─── SUPPLIED MATERIAL

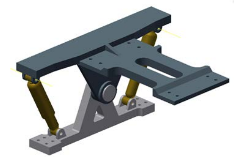
Fig. 3 3D Models of the front suspension assembly

The front suspension have been designed as a three link type with a swivel bracket that has a pivot point and on each side, mountings for the shock absorbers as shown in Fig. 3.
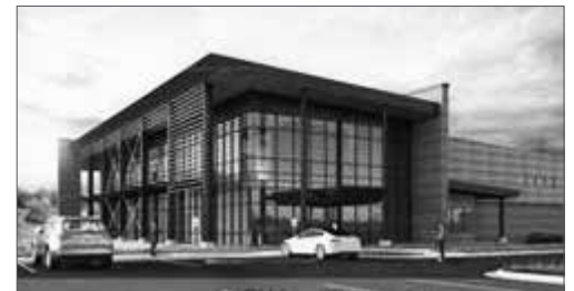
Drago's Mayfly Outdoors in Montrose.

Is your municipality experiencing increased economic activity from an Opportunity Zone in your community? CML would like to learn more about these projects and how they are impacting Colorado's cities and towns. Contact Morgan Cullen, CML legislative and policy advocate, with any details you can share at mcullen@cml.org .
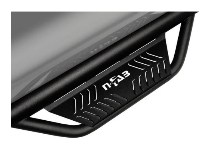
Step 1: Locate the driver side step rail.
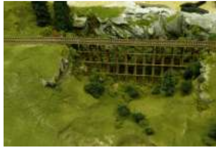
A closer shot of the trestle shows the water barrel platforms and realistic detail of the gorge itself.
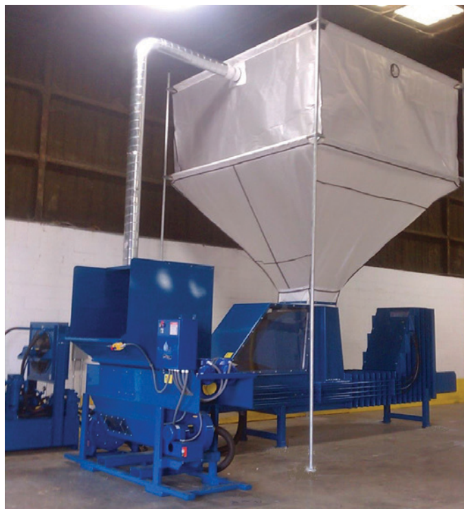
Foam PS Densification Machine With Hopper

The hopper should have an electric conveyor on the bottom. If space is tight, consider placing the bunker/hopper under the existing conveyors/catwalks.
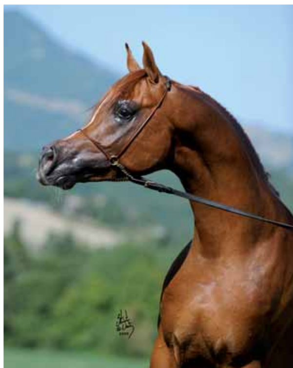
HDB SIHR IBN MASSAI ( MASSAI IBN MARENGA - MAYANA ) ON LEASE TO HARAS CRUZEIRO
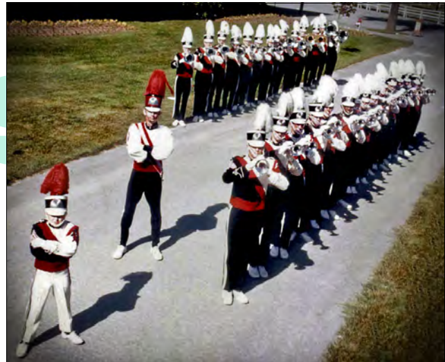
1966: Chessmen from St Catharines
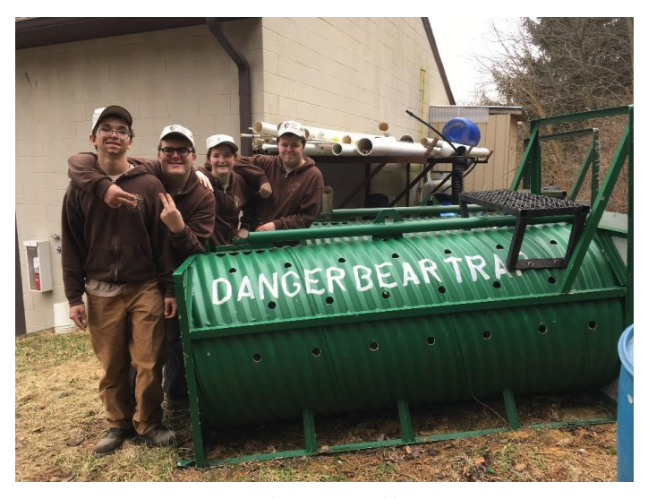
What can I say?!

Clearing brush on Thurmont Library Trail for a flower bed.
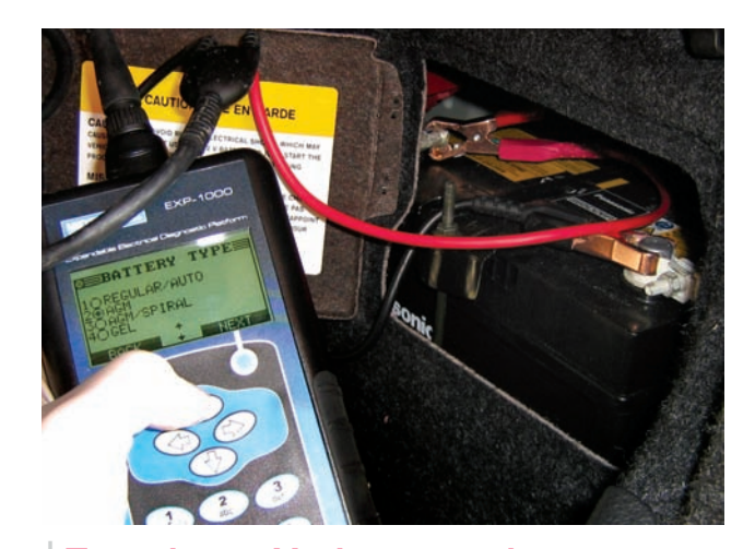
Test the 12V glass mat battery using an internal resistance tester such as the Midtronics EXP-1000 or EXP-1200.

The 12V battery should be tested at least every 15,000 miles. The 12V battery has no role in "cranking" the ICE, so there will not be the typical slow cranking associated with a weak battery. Because of this, owners usually do not notice a bad 12V battery until the car suddenly fails to start.
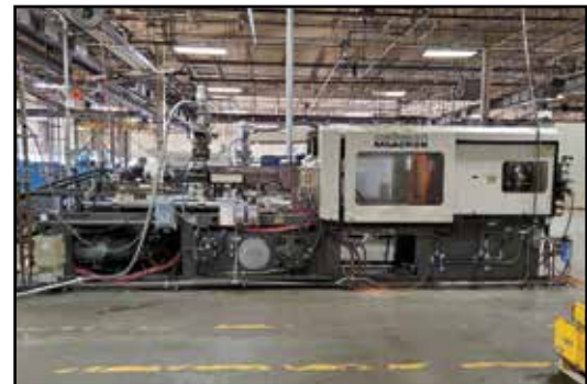
CINCINNATI MILACRON VH-400-29 400-Ton Plastic Injection Molder
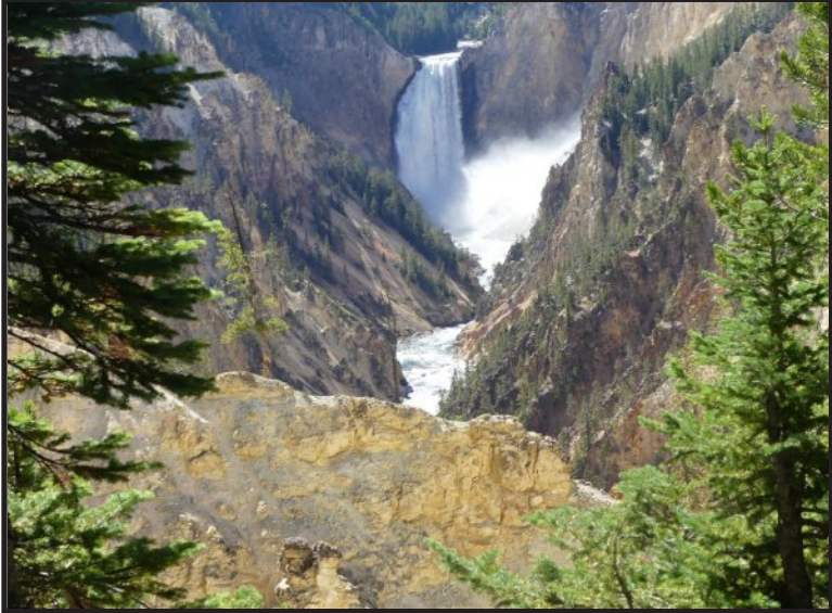
Lower Falls of the Yellowstone Yellowstone National Park

“If anyone does not love the Lord, he is to be accursed. Maranatha.”
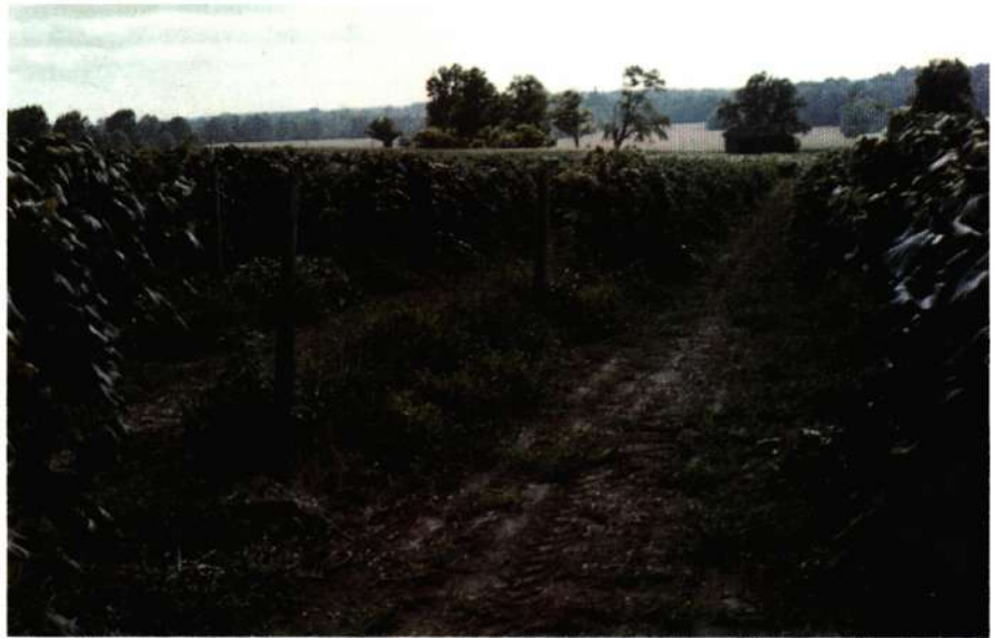
Fig. 13. Missing vines indicate an infection center for peach rosette mosaic virus. Dead vines have been removed.

Removal and burning of diseased arms or the entire vine is recommended. Sometimes a new vine can be trained from a sucker. However, these often show disease symptoms after a few years. Double-trunking has also been successfully done. If one trunk becomes diseased, it can be cut off leaving the other which may remain disease-free for some time.
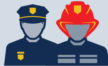
Stronger Public Safety

If approved by voters, the sales tax extension will continue supporting critical personnel, streets and infrastructure, and public safety capital investments. Extending this sales tax provides a way to sustain Glenpool's forward progress.
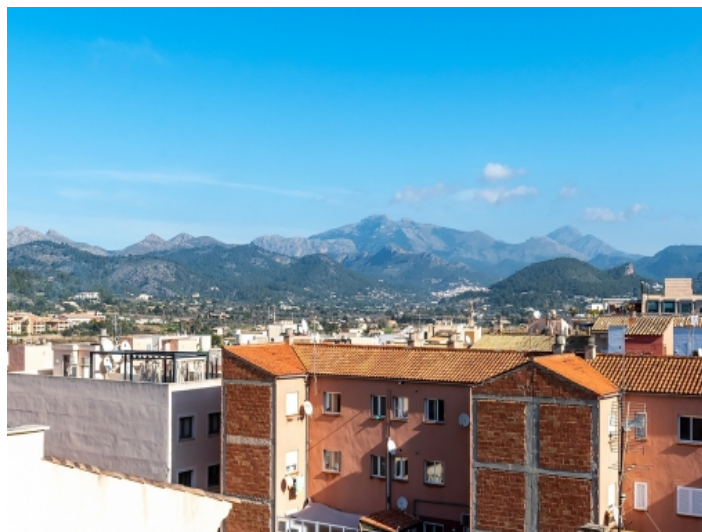
Fantastic mountain views
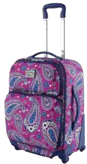
22" Spinner #11857 13 1/4" x 21 1/2" x 10 1/2" suggested retail $300
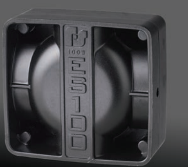
DynaMax / ES100
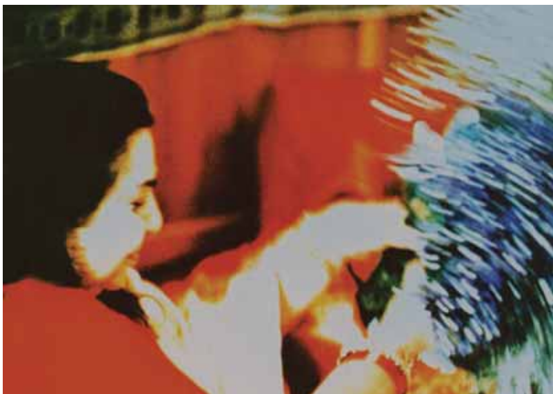
Vibrations flowing from Shri Mataji's hand
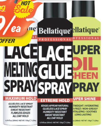
Lace Spray Melting/Glue/Oil Sheen 6oz

Reg. $5.99 HOT Sale $3.99/ea LIMITED TIME OFFER
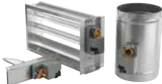
Electrically-operated dampers direct the flow of air through your ducts.
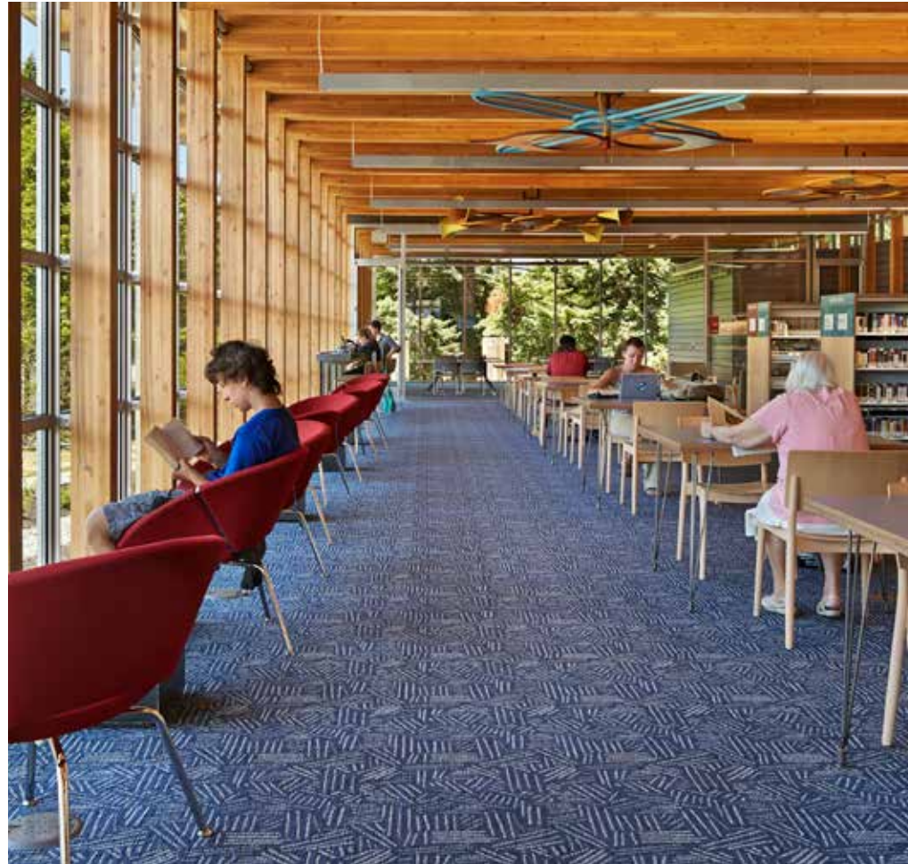
CUSTOM DESIGN - monolithic tile installation

“From a specification standpoint, Milliken floor covering is remarkable. However, what empowers the product is the ability for it to be more than just great. It can transform into what King County Library System represents and initiate a unique sense of place for each project.”

──────

* [TASK INSTRUCTIONS] For each line above that includes "this", make a copy.

* [EXERCISE OUTPUT]
The 12V battery should be tested at least every 15,000 miles. The 12V battery has no role in "cranking" the ICE, so there will not be the typical slow cranking associated with a weak battery. Because of this, owners usually do not notice a bad 12V battery until the car suddenly fails to start.
If approved by voters, the sales tax extension will continue supporting critical personnel, streets and infrastructure, and public safety capital investments. Extending this sales tax provides a way to sustain Glenpool's forward progress.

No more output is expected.